Data segment —
—————
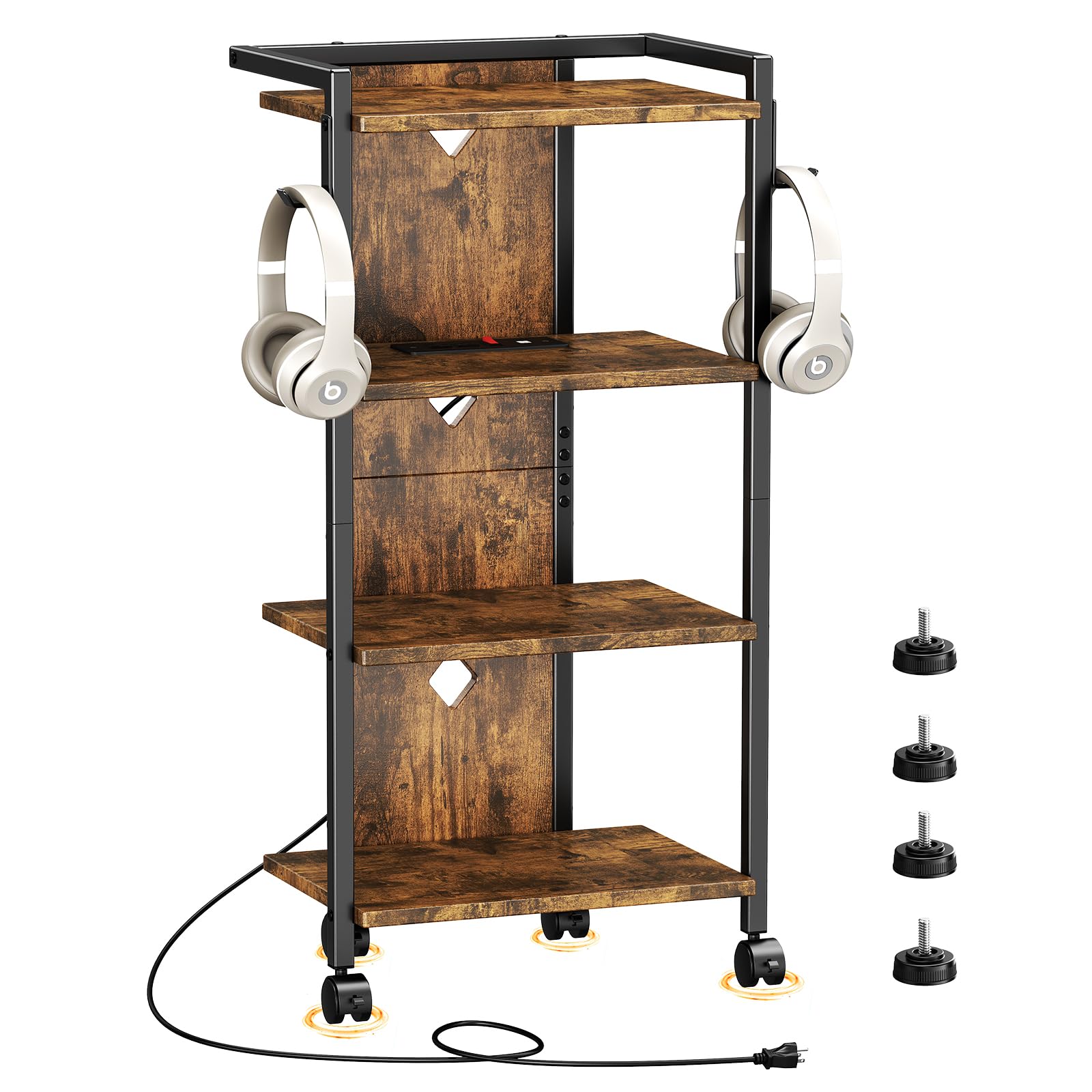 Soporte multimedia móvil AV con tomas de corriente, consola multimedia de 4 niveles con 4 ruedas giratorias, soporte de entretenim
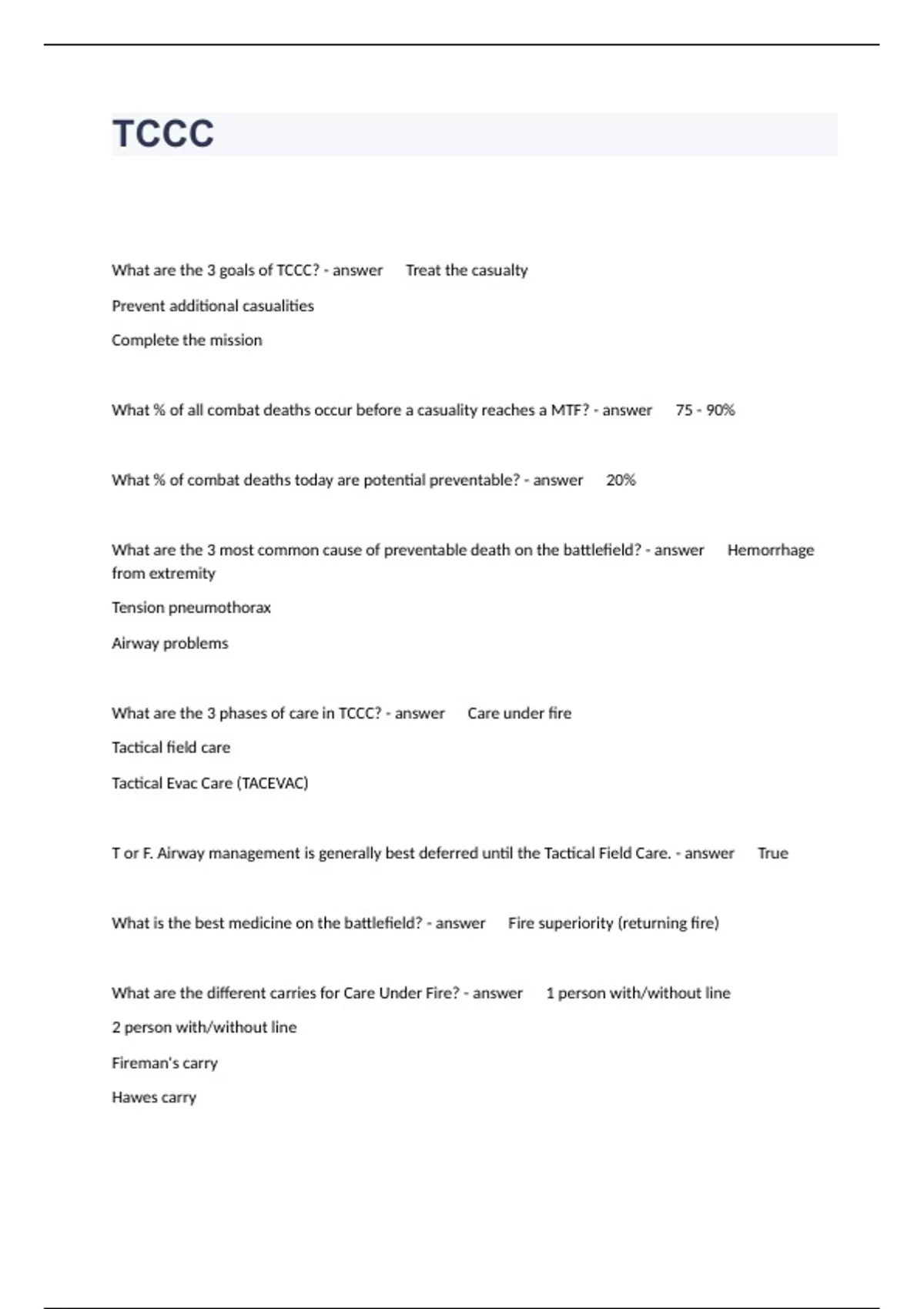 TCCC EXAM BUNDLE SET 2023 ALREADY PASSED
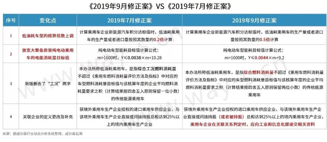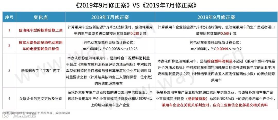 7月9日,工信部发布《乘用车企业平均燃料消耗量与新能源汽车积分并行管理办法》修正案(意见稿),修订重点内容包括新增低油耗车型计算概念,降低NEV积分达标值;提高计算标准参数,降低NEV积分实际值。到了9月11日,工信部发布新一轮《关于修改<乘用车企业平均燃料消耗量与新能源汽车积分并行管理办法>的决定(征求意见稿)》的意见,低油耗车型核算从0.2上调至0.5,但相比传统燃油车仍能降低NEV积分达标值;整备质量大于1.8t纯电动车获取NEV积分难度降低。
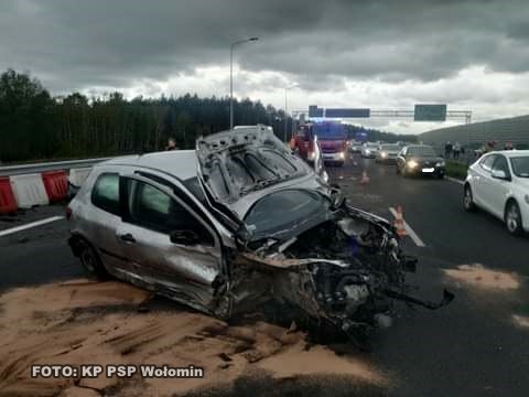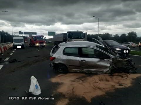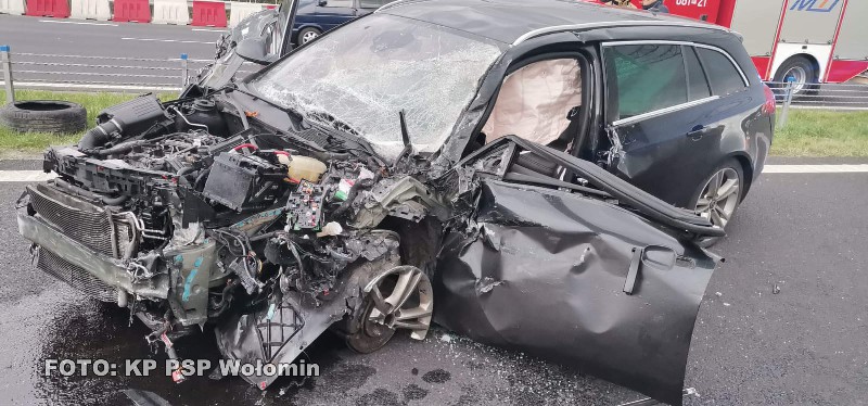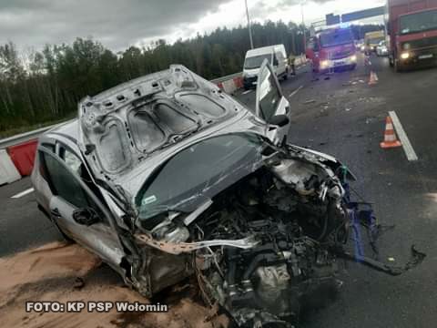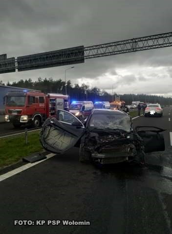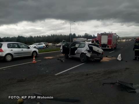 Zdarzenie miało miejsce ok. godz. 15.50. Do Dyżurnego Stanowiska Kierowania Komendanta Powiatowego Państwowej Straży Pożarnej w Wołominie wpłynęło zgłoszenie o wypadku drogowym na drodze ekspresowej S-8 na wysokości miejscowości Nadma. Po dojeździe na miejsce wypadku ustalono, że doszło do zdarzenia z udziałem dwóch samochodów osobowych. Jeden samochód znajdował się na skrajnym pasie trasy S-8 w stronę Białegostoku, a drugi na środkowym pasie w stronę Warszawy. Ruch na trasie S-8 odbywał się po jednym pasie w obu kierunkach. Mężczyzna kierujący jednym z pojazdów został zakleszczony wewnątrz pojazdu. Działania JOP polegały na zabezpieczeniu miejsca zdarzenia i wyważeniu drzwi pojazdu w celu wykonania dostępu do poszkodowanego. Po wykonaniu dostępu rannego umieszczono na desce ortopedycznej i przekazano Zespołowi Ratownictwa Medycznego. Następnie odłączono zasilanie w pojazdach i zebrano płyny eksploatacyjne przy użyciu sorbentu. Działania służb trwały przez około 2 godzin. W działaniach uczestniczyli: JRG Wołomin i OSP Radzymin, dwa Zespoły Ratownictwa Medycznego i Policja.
—————
Exercise description —
For this exercise, give the listing again exactly as written, with the pictures omitted.

Exercise solution —
 Soporte multimedia móvil AV con tomas de corriente, consola multimedia de 4 niveles con 4 ruedas giratorias, soporte de entretenim
 TCCC EXAM BUNDLE SET 2023 ALREADY PASSED
 7月9日,工信部发布《乘用车企业平均燃料消耗量与新能源汽车积分并行管理办法》修正案(意见稿),修订重点内容包括新增低油耗车型计算概念,降低NEV积分达标值;提高计算标准参数,降低NEV积分实际值。到了9月11日,工信部发布新一轮《关于修改<乘用车企业平均燃料消耗量与新能源汽车积分并行管理办法>的决定(征求意见稿)》的意见,低油耗车型核算从0.2上调至0.5,但相比传统燃油车仍能降低NEV积分达标值;整备质量大于1.8t纯电动车获取NEV积分难度降低。
 Zdarzenie miało miejsce ok. godz. 15.50. Do Dyżurnego Stanowiska Kierowania Komendanta Powiatowego Państwowej Straży Pożarnej w Wołominie wpłynęło zgłoszenie o wypadku drogowym na drodze ekspresowej S-8 na wysokości miejscowości Nadma. Po dojeździe na miejsce wypadku ustalono, że doszło do zdarzenia z udziałem dwóch samochodów osobowych. Jeden samochód znajdował się na skrajnym pasie trasy S-8 w stronę Białegostoku, a drugi na środkowym pasie w stronę Warszawy. Ruch na trasie S-8 odbywał się po jednym pasie w obu kierunkach. Mężczyzna kierujący jednym z pojazdów został zakleszczony wewnątrz pojazdu. Działania JOP polegały na zabezpieczeniu miejsca zdarzenia i wyważeniu drzwi pojazdu w celu wykonania dostępu do poszkodowanego. Po wykonaniu dostępu rannego umieszczono na desce ortopedycznej i przekazano Zespołowi Ratownictwa Medycznego. Następnie odłączono zasilanie w pojazdach i zebrano płyny eksploatacyjne przy użyciu sorbentu. Działania służb trwały przez około 2 godzin. W działaniach uczestniczyli: JRG Wołomin i OSP Radzymin, dwa Zespoły Ratownictwa Medycznego i Policja.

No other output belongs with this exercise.